Earlier this month metal news sites all over the internet apparently misconstrued information about Nachtmytium, claiming the band were over. Delving into the comments of these articles revealed that many people held rather negative opinions of Judd. Particularly common was the experience of claiming to have been "ripped off"by him in mercantile transactions. The man seems to have a severe shortage of friends in his native Chicago. The reason for all of this supposedly being heroin.

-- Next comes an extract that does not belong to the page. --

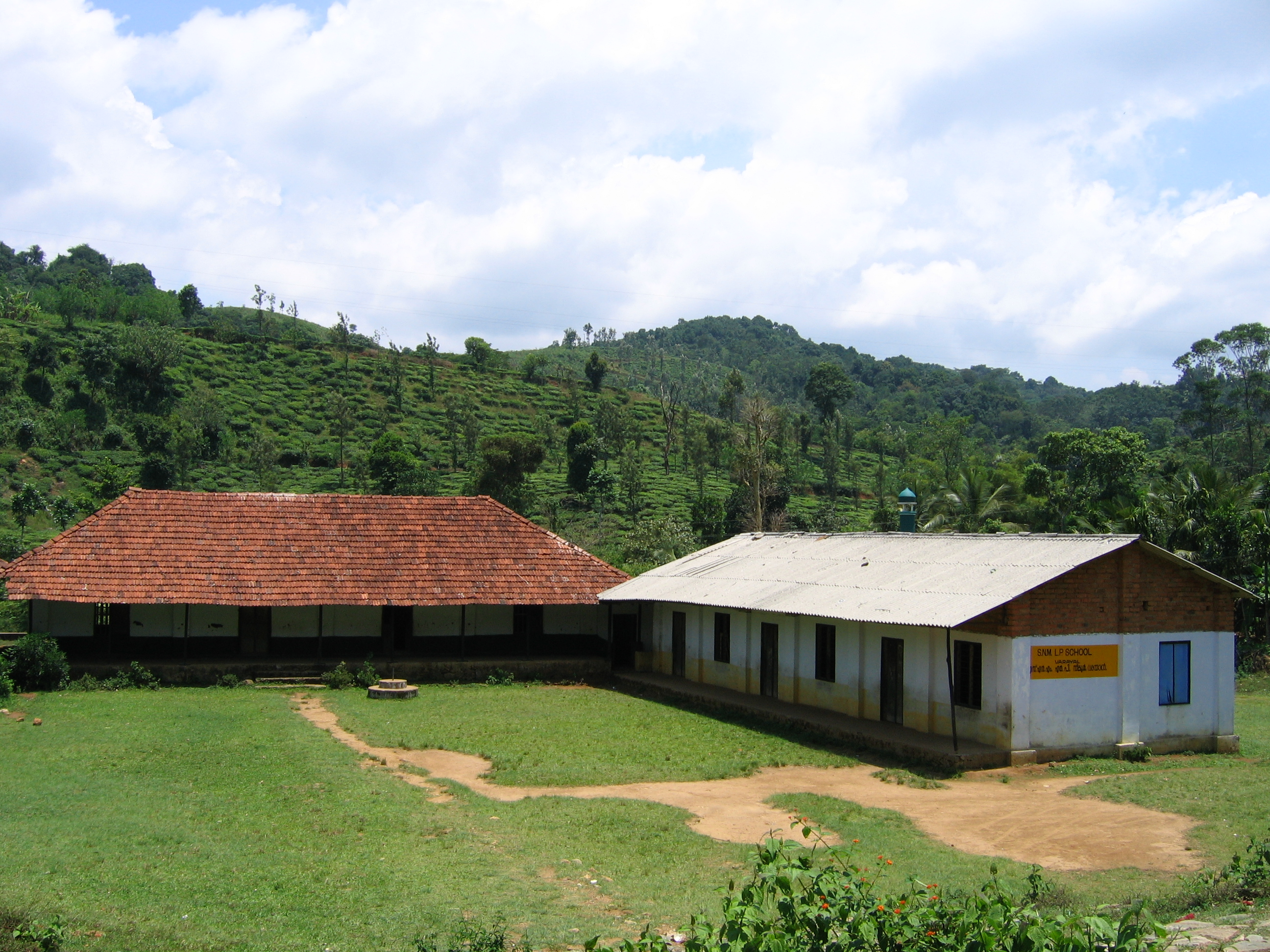 SNM L P School, Varayal, Wayanad, Kerala.

Judd brings a third perspective to this riff on dope. Jourgensen in addition to being somewhat smart, was on a major label for a long time and had a reliable entourage of friends and folk with money invested in him to keep him in check even as he ran off the rails. Jourgensen had vision and was also an addict. And is also a survivor (and still an addict?). Staley was a straight up dope fiend, an artistic type with a personality perfectly configured to the drug. Perhaps lacking the determination of Jourgensen, he was burned alive by his addiction. Judd, meanwhile seems to be a mixture of the two. Here is a businessman coloured by opium. His product, his method, his execution are less entwined with dope as born from it. This makes his method somewhat dependent on it too. Yet like Jourgensen, here is a junkie with a will to survive, he keeps pushing through even as he burns those around him. How far can it go? The man is clearly inspired and smart but somewhat too cunning for his own good. With as many enemies as he supposedly adds, could he be a puncture wounded dead body in an alleyway?

So where does it all end? Inevitable overdoses? Prison terms? Rehabs and finding Jesus? There have yet to be significant numbers of successful careers founded on opiates. However, when combined with the traditional user/self-medicator, the rise and spread of the peculiarly American pharmaceutical company facilitated opiate addiction industry, who can say just where this will lead? I think I will just consult my oracle for answers...

Walks away and puts on Eyehategod's Self Medication Blues and wonders is smack was the primary reason for the utter suffocating nihilism of Pantera's Great Southern Trendkill.